Chocolate & Cardio Health

Calling all Choco-holics! All Hope is Not Lost!

A systematic review of and meta-analysis of 18 randomized controlled trials (RCTs) indicates that compounds in cocoa can actually benefit your cardiovascular system.

The compounds are known as flavanols, which are a sub-class of flavanoids, which are the botanical elements which give foods like cranberries and blueberries their superpowers. The flavanoids in cocoa are also what make it bitter. But what interested researchers from Brown University was the evidence that consumption of flavanol-rich cocoa products was associated with improvements in specific circulating biomarkers of cardiometabolic health. They gathered up 1,139 volunteers, some placebos with negligible cocoa flavanol content, and got to work.

“Our meta-analysis of RCTs characterizes how cocoa flavanols affect cardiometabolic biomarkers, providing guidance in designing large, definitive prevention trials against diabetes and cardiovascular disease in future work,” said corresponding author Dr. Simin Liu, professor and director of the Center for Global Cardiometabolic Health at Brown University who worked with epidemiology graduate student and lead author Xiaochen Lin. “We found that cocoa flavanol intake may reduce dyslipidemia (elevated triglycerides), insulin resistance and systemic inflammation, which are all major subclinical risk factors for cardiometabolic diseases.”

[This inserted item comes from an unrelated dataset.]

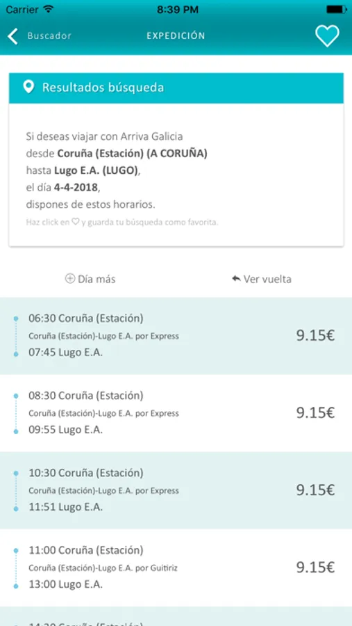 Podrás consultar también las paradas más cercanas y los trayectos para pasan por una determinada parada, además de poder configurar tus propias paradas favoritas.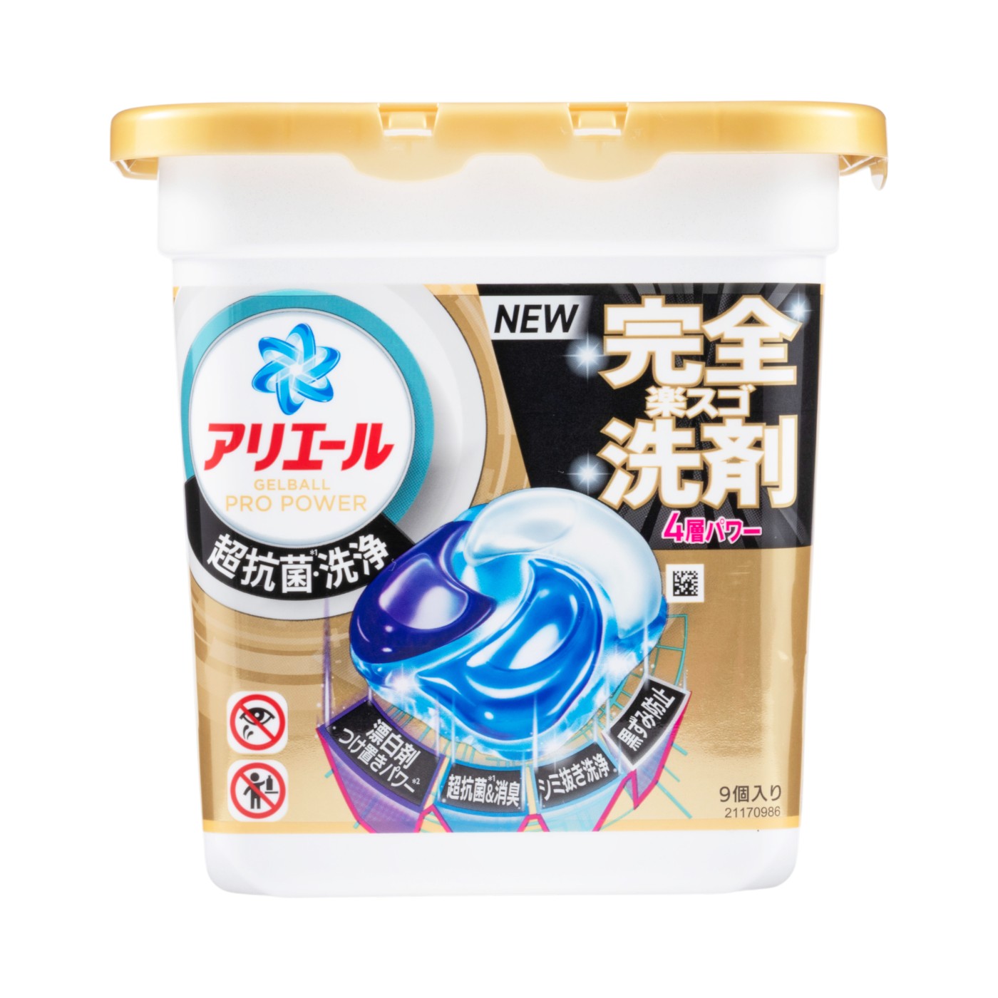 P&Gジャパンの「ジェルボール プロパワー」は、アリエールブランドによるジェルボール型の洗濯洗剤です。4層構造と計量不要の仕様が特徴で、約2倍量の抗菌成分を配合。洗濯槽のカビを防ぎながら、つけ置き漂白と同等の洗浄・消臭力を発揮すると謳っています。洗浄力の検証では、漂白剤が必要と思われるような落ちにくい汚れも十分薄くでき、目立ちにくくさせる結果に。消臭効果も高く、擬似汗臭は感じられず、水で濡らしてもニオイ戻りは確認されませんでした。日常の幅広いシーンで安心して使える洗剤といえます。

The improvements were not major –  cocoa is no health-enhancing superfood, to be sure. But the data showed clear potential beneficial effects of flavanol-rich cocoa on cardiometabolic health. The sweet spot was for those who consumed between 300 and 600 milligrams of flavanols per day. These subjects enjoyed significant declines in blood glucose and insulin, and HOMA-IR, another indicator of insulin resistance. Additionally, they saw an increase in “good” cholesterol. Those consuming even higher doses saw a drop in their triglyceride levels, but lost the boost in “good” cholesterol; those with lower doses only benefited from the cholesterol boost. The results were the same whether the cocoa was consumed in liquid or solid form.

“The treatment groups of the trials included in our meta-analysis are primarily dark chocolate — a few were using cocoa powder-based beverages,” Lin said. “Therefore, the findings from the current study apparently shouldn’t be generalized to different sorts of chocolate candies or white chocolates, of which the content of sugar/food additives could be substantially higher than that of the dark chocolate.”

The authors concluded that there was an “urgent need for large, long-term RCTs that improve our understanding of how the short-term benefits of cocoa flavanol intake on cardiometabolic biomarkers may be translated into clinical outcomes.”